Some of the tools/technologies which enables DV

There is an ample number of DV tools available in the market. But some of the most prevalent ones which we have seen across client is Denodo (Market leader in DV technology), Dremio (Open source Data Lake engine which also supports DV), Presto (Federated Query engine which when integrated with other auxiliary services provides the DV experience), FraXses, and IBM Cloud Pak.

Design for Scalability

Some of the basic needs of cloud-native Data Lake systems are:

Ability to support an unprecedented explosion of growth of data volume.
Ability to handle all types of data Structured, Unstructured and semi-structured
Need for a low cost and highly scalable infra to store all data versions like Raw, Intermediate, and Processed
Need the ability to Ingest Data at a high rate from various data sources and endpoints
Need the ability to have a unified view of all data, such that they together provide new business insights like the 360-degree view of the customer
Ability to support multiple consumption patterns

As we can see from above that most of these needs require the Data lake system to be scalable in nature, so that the computing can be optimized over time also the compute clusters need not by running 24*7 but only needed when some processing power is required in the system. Thus it helps to control the overall operations cost. Below are the guiding principles which will ensure a scalable Data lake solution.

Segregate Compute and Storage
Dynamic compute with Auto-Scaling capability
Containerization/ Distributed Processing/ Stateless Application

Polyglot Persistence

Polyglot persistence is the concept of using different data storage technologies to handle different data storage needs within a given enterprise and even software application.

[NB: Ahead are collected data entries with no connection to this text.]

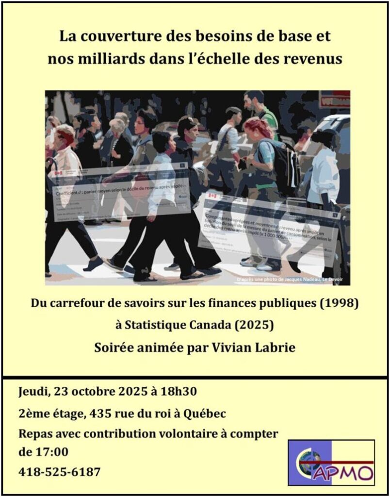 La partie nouvelle, c’est que nous allons faire une histoire sur 25 ans environ. Il faut remonter au Carrefour de savoir sur les finances publiques à l’hiver 1998. Il y a des réunions qui ont eu lieu ici au Carrefour Cardijn et qui ont influencé toutes sortes de choses qui se sont enchainées. Ce processus a conduit à la reconnaissance de la pertinence de notre méthode d’analyse et de classification des revenus par Statistique Canada qui publie pour la première fois des indicateurs très différents de ce qu’il y avait avant.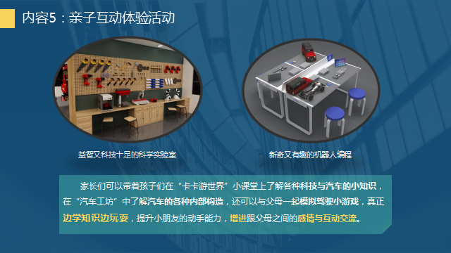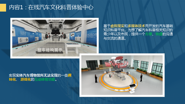 本次展出的活动主题为“探汽车奥秘-创智慧出行”,以VR、AR技术,依托多媒体信息化平台,通过汽车文化、智能网联汽车、新能源汽车、智能智造虚拟体验空间、汽车趣味游戏、亲子互动体验、“互联网+”等7个方面的多媒体数字化科普活动,向广大市民传播汽车文化、构造和动力科普知识;展示三维空间漫游、三维虚拟操控等科技功能;了解物联传感和智能故障检测技术;感受Unity纯三维引擎交互技术与VR虚拟现实技术,进行烘焙渲染,输出的大型超炫虚拟场景,清晰展示汽车的内部构造和运行原理,让体验者身临其境般地探索汽车之旅。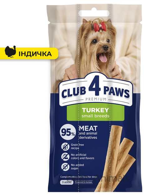 Ласощі для собак Club 4 Paws м'ясна паличка індичка для малих порід 3 шт 12 г

For Data Lake systems the persistence service needs to be chosen as per the access pattern, nature of data, and the use-case requirements like high throughput, global availability, transactional, Analytical, etc.

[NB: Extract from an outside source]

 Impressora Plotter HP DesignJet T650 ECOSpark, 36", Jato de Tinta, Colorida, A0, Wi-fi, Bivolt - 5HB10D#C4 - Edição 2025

Like in the diagram shown below, we can have relationships data going to a GraphDB, Analytics data to HDFS, Transactional structured data to RDBMS, key/value, and logs to a No-SQL columnar database.

Also, the usage pattern and the use case requirement plays a major role in determining the persistent store used. For example, Heavy Analytical queries need to be run against a Data Warehousing system, while a high throughput requirement can be handled by a No-SQL DB like AWS DynamoDB or Azure CosmosDB, For Processing of unstructured data, it needs to be stored either in HDFS or Object store like S3/Blob.

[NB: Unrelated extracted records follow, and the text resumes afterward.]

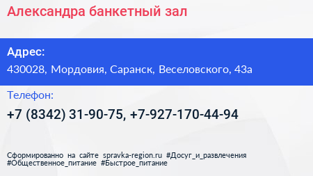 Александра, банкетный зал по адресу 430028, Мордовия, Саранск, Веселовского, 43а в дальнейшем Организация, размещена в следующих категориях: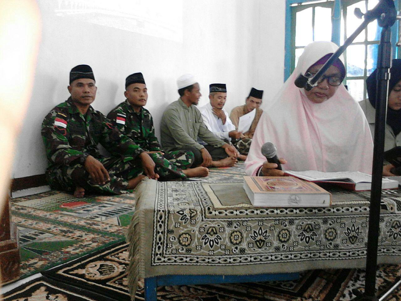 Sebelum ceramah Agama yang dibawakan oleh DR. H. Miftahul Buda S. HI. MH, Wadan Satgas Yonif Linud 431/SSP Myr Inf Muh. Amin memberikan bantuan berupa Al Qur’an sebanyak 100 kepada pengurus Masjid Miftahul Huda.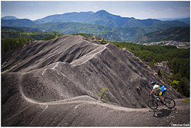 - The right bank of the Bléone (Park of the Haute-Provence Geological Reserve, along the Caguerenard path, paths to access the top of the slope (over 200 metres (660 ft) above the town) and the crest of Andran - Martignon - La Bigue.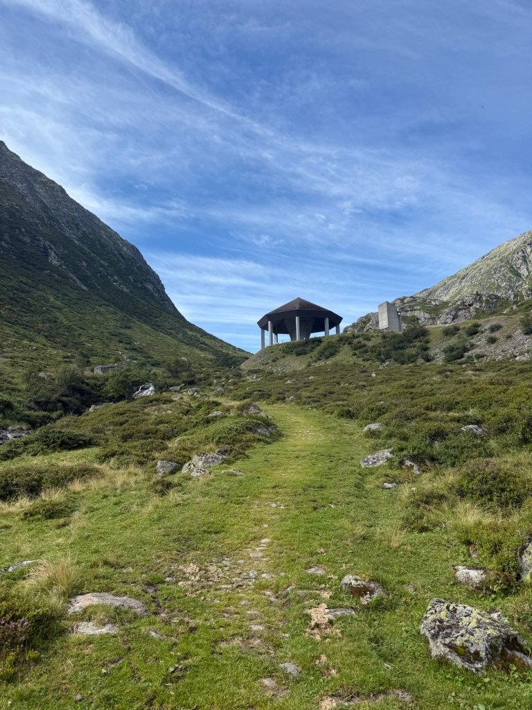Es war früher Nachmittag, den Mittagsbus habe ich ganz knapp verpasst, was auch nicht bedauernswert war, wieso schon heimfahren. Doch zwei Stunden auf dem Pass verbringen, wollte ich auch nicht, ich war ja vor zwei Wochen schon da. Ohne Halt lief ich am Ospizio vorbei, vor der kleinen Kapelle nach rechts und zu den „Galleria artificiale Ganne di San Antonio„, also der Hauptstrasse über den Gotthardpass.

image courtesy: http://bright-person.com/polyglot-definition/big-data-and-polyglot-persistence-dummies.html

Integrated Data Catalog

For most data lake/ Big Data solutions the data is stored across multiple datastore depending on the nature of data, their usage pattern, and the use-case requirement. For the consumers of the data, it becomes very important to have a single unified view of data across all layers which indexes your data by source, so that the data can be analyzed seamlessly by the end-users and everyone in the organization can find the data they need to collaborate. This is where an Integrated Data Catalog comes as a very good option, instead of going for cloud-specific services like Glue Catalog, we can go for 3rd Party Data Catalog tools. The two most common data catalog tools we are seeing across clients are Collibra and Alation.

Modern Data Catalog solution like Alation comes up with machine learning capabilities as well.

Image Courtesy: https://www.attivio.com/blog/post/data-catalog-modern-data-architecture

Cloud Agnostic design

One of the most important considerations while implementing a cloud-native solution is, how much committed are you to a particular cloud vendor. Are you using could functions or services which are specific to a platform vendor and which can result in the risk of vendor lock-in. If in the future you have a requirement to migrate your workloads from one cloud vendor to another, because of some organization level strategy re-alignment, it may happen that you will have to refactor a good percentage of your code to make it compatible with the new cloud platform.

On the other hand, if you avoid cloud vendor-specific services and use generic services like Docker, Kubernetes, EMR, Databricks, Elastic Search, lambda functions, etc. and make your code completely configurable such that configuration changes related to the cloud provider make your code ready to run for any specific cloud platform, makes it a very favorable design to have.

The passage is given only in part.